I do, I think. There was the time I blistered my heel but only had a single pair of shoes. And the love I knew once, and the attempts at love that came after. And there is every way I have witnessed the hurt of another.
The truth is, I take people, their words, their hurting, into my body like I ate them, like nicotine through the patch, a dose bigger than I asked for. This rubs me raw from the inside. It becomes impossible to distinguish myself from what I have seen or heard. Once a man honked long at a woman in an intersection, while I stood on the street corner. The woman rolled down her window and, the man already gone, she took both hands off the wheel for a double middle finger to nowhere and yelled, “Well fuck you!” She laughed in a bursted cackle that faded with her dark exhaust. Her words reached me instead of the man, and I twisted up in the gut and cowered into the next alley. I puked in the green bin, the yard waste, then puked more at the stench of rotting fruit but missed the bin. The bile mixed with oatmeal splattered my jeans.
“I do,” I say out loud now, to the man. “I, too, need an exit plan.”
He doesn’t respond with any more words, but his eyes brighten a bit and he seems satisfied. His hands are resting on the table now, palms down, his glass of water empty. His shadow is cast across the clear plastic tablecloth by the overcast daylight of the big window, where I look up and can see both our reflections. I study my own face for a moment, seeing a glimpse of my brother like I always do.

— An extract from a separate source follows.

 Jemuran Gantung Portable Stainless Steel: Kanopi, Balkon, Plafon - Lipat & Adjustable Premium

He’s dead now, but I was a twin once. People think twins are special somehow, like they know about the backsides and insides and upside downs in ways solitary progeny cannot, stuck seeing straightwise as they are, thinking that’s the all of it. My brother died young, and I only have memories of hurting him, so though I do often wonder if the tingle in my bones is a kind of connecting across realms, I cannot say whether or not twins at large are this kind of special. But if it’s true, if sharing birth times and splitting the stuff of the egg sack makes a deeper seer of us twins, imagine being a tadpole. Armadillos, too, giving birth to identical quintuplets as the rule. Or a mola, the largest bony fish on the planet, cranks out 300 million eggs in one season. The molas must know all, then, being one of so many.

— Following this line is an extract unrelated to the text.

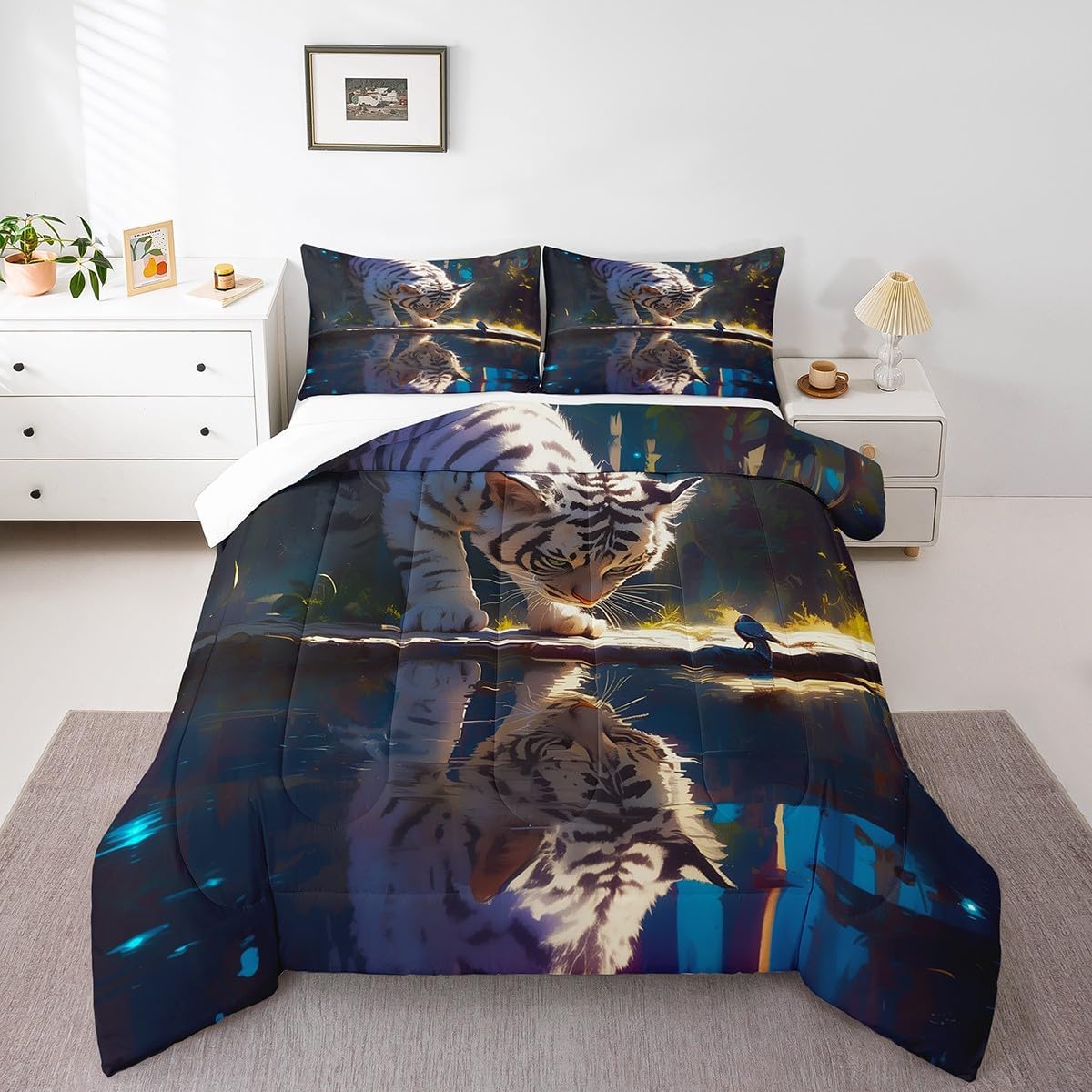 Best blessings: Makeover your bedrooms every season with our Comforter sets. Perfect item for your room, girls boys youth room, master bedroom. Also can order it for your mom, dad, sister, brother, grandma, wife, husband, daughter, son and all other beloved. Size Information: 1 x Toddler size down comforter 42"W x 58"L, 1 x quilted pillow case 30"W x 20"L, 2pcs. 1 x Twin size down comforter 68"W x 90"L, 1 x quilted pillow case 30"W x 20"L, 2pcs. 1 x Full size down comforter 79"W x 90"L, 2 x quilted pillow cases 30"W x 20"L,3pcs. 1 x Queen size down comforter 90"W x 90"L, 2 x quilted pillow cases 30"W x 20"L,3pcs. 1 x King size down comforter 104"W x 90"L, 2 x quilted pillow cases 36"W x 20"Lx,3pcs. Useful and practical: A luxurious product for homes, dorm rooms, hotels, guest rooms. Practical to use for being polyester, feels like cotton which is super soft and breathable. No chemicals used, No dye substance harming the health of you or your family. Unique design: Vivid Colors won't fade thanks to new 3D digital printing methods. These unique designs match well with various color palettes of your rugs, curtains, headboard, furniture, and all other decor accessories. Personalized: As manufacturers of digital printed home textiles, we follow current trends and bring you the latest home fashion. You can give it to your family or friend, relative or boyfriend girlfriend, or to yourself, the item should be interesting and authentic. Note: Machine washed in cold water. Do not bleach, Tumble dry low. The Bedspread and Pillow Shams are printed on the Front Side Only.

No. There’s nothing special about living as multiplication. I was only ever angry at my brother for the ways he diminished my selfness. The first time I made him bleed was by pulling his front tooth. I was a scientist, a technician, a professional with a task, tying dry floss around the base of my brother’s front tooth with steady little hands, a knot, a bow. After I slammed the door I felt a heart-fist sorry and then a satisfaction as the sight of my brother bleeding from the mouth landed with a thud somewhere in my chest. I remember the feeling of its dislodge from gums, as if it had happened in my own mouth. I heard his breath come in and then a pop that was a breaking, a ripping apart. And then my brother cried a little whimper. Red dripped on the beige carpet whose every stain had gotten me wooden-spooned and would again that day.
Night comes and the man and I are still at the table. There are dishes in front of us, the aftermath of my clumsy, distracted efforts at an edible dinner while we formulated our plan. He had eaten his spaghetti with such cleanliness and precision. I stand, gather the dishes, pile them on what’s already in the sink, and leave the man at the table while I go to my room to pack my bag. The men with the cart, I realize, must have long gone back past my window in their clanking parade of chewed-up and spit-out. For the first time, I hadn’t noticed.